Other closely related meditation practices include loving-kindness meditation (LKM) and compassion meditation (CM), exercises oriented toward enhancing unconditional, positive emotional states of kindness and compassion. LKM and CM enhance activation of brain areas that are involved in emotional processing and empathy. The study concluded that, when combined with treatments such as cognitive behavioral therapy, LKM and CM provide potentially useful strategies for targeting a variety of different psychological problems that involve interpersonal processes, such as social anxiety, marital conflict, anger, and coping with the strains of long-term caregiving.

There are two components of mindfulness: one that involves self-regulation of attention and one that involves an orientation toward the present moment characterized by curiosity openness, and acceptance. Mindfulness meditation employs the full range of perceptible experience as possible objects of mindful awareness, for example, bodily or other sensory experience, affective states, thoughts, or images. It also brings attention to breathing.

The aims of breath awareness are, among others, (1) to use an observable and constantly available physical stimulus (the breath) as the object of investigation of mind-body awareness; (2) to utilize continuous attention to the breath to improve the capability of moment-to-moment will-driven concentration; (3) and to employ a rather simple object of observation (which is intimately related to physical, mental, and emotional functioning) as a starting point for more complex objects of awareness.

These mindful practices – loving-kindness meditation (LKM) – aim to develop an affective state of unconditional kindness to all people. Compassion meditation (CM) involves techniques to cultivate compassion or deep, genuine sympathy for those stricken with misfortunate, together with an earnest wish to ease this suffering. Furthermore, these practices – and the path of yoga – begin with cultivating appreciation of our oneness with others through generosity, non-harming, right speech, and right action. Then, on the foundation of these qualities, we purify our minds through the concentration practices of meditation. As we do, we come to experience wisdom through recognizing the truth, and we become deeply aware of the suffering caused by separation and of the happiness of knowing our connection with all beings.

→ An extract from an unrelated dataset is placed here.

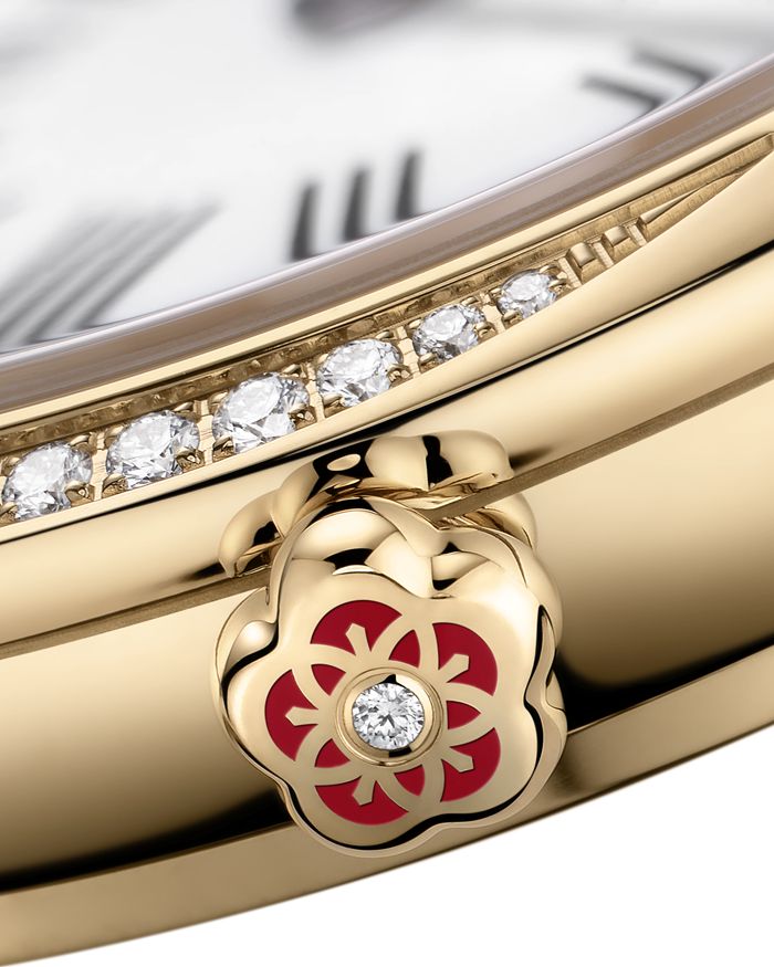 This model in 18K Moonshine™ Gold features a 26 mm case with diamonds that elegantly curve along each side. There is also a single diamond set in the crown, surrounded by a red liquid ceramic flower. The domed dial is crafted in off-white “Grand Feu” enamel and is presented with blackened hands and transferred Roman Numeral indexes.

Source: US National Library of Medicine

Have you ever left a meditation unsatisfied, wondering why you can’t seem to quiet the mind, frustrated with restlessness?

You’re not the only one. The common credence is that a good meditation is still, the mind is quiet. A meditator’s paradise is the ability to have thoughts at a standstill, and anything less than that is a difficult or bad meditation.

So what do we do? We equip ourselves with the tools and techniques and drive the road of meditation with a continuous rehearsal of refinement and self-analysis. At first, this road can appear overwhelming – the scenery is new, exciting, perhaps even beautiful – but it eventually might swerve into the bumpy, mechanical, and scientific (proper breathing, appropriate posture and prop selection, visualization & focus, mantras, mudras, the list goes on…). Suddenly our seated session passes by and we realize we were thinking the entire time; the judgement ensues.

Thinking is not the enemy of meditation. Thinking, in fact, is essential to our lives. We need it to make important decisions, to plan, communicate, and to grow. The problem isn’t so much that we think; the problem is thinking that our thoughts are new when the actual act of thinking is fixed.

For example, once I believed that I was to blame for my father’s disinterest in having a relationship with me. I came up with all the evidence to prove it: I wasn’t good or smart enough, I didn’t follow in his religious footsteps, I took on more of my mother’s traits than his, I should have persisted in pursuing him in spite of my step-mother’s control – the inner blame went on. Then my own defense would kick in: you called, you wrote, you text, you visited, you pretended to accept the hurtful, insensitive teasing and judgements, you cried, pled, and even moved closer to him. Enough is enough. “Oh, but the regret if something ever happens to him.”

This is an example of how thinking tends to be for or against, one over the other. We think that thinking is the problem when, actually, it is the quality of our thoughts. This is why meditation is so important – it brings clarity and direction.

Rather than overcoming the feat of thought-elimination, one of the most fundamental skills to develop in meditation is to be able to identify and suspend polarized thoughts – calming the impulse to be at war with opposition. One relative example is relaxing the body. You physically want to be still – you know it’s beneficial because it’s been proven to foster less stress and mental activity. Yet, the body struggles because there is resistance that the complete opposite will occur.

If meditating removes the thought of thinking, you may find meditation difficult because the feat of removing thought can cause tension and resistance. This makes meditation frustrating; it creates a space for self-critique. Furthermore, attempting to focus on, “I am not going to think” will feed into more thinking. This teeter-tottering is what most of us do when we make decisions, communicate, and plan. We weigh the evidence and choose the best option.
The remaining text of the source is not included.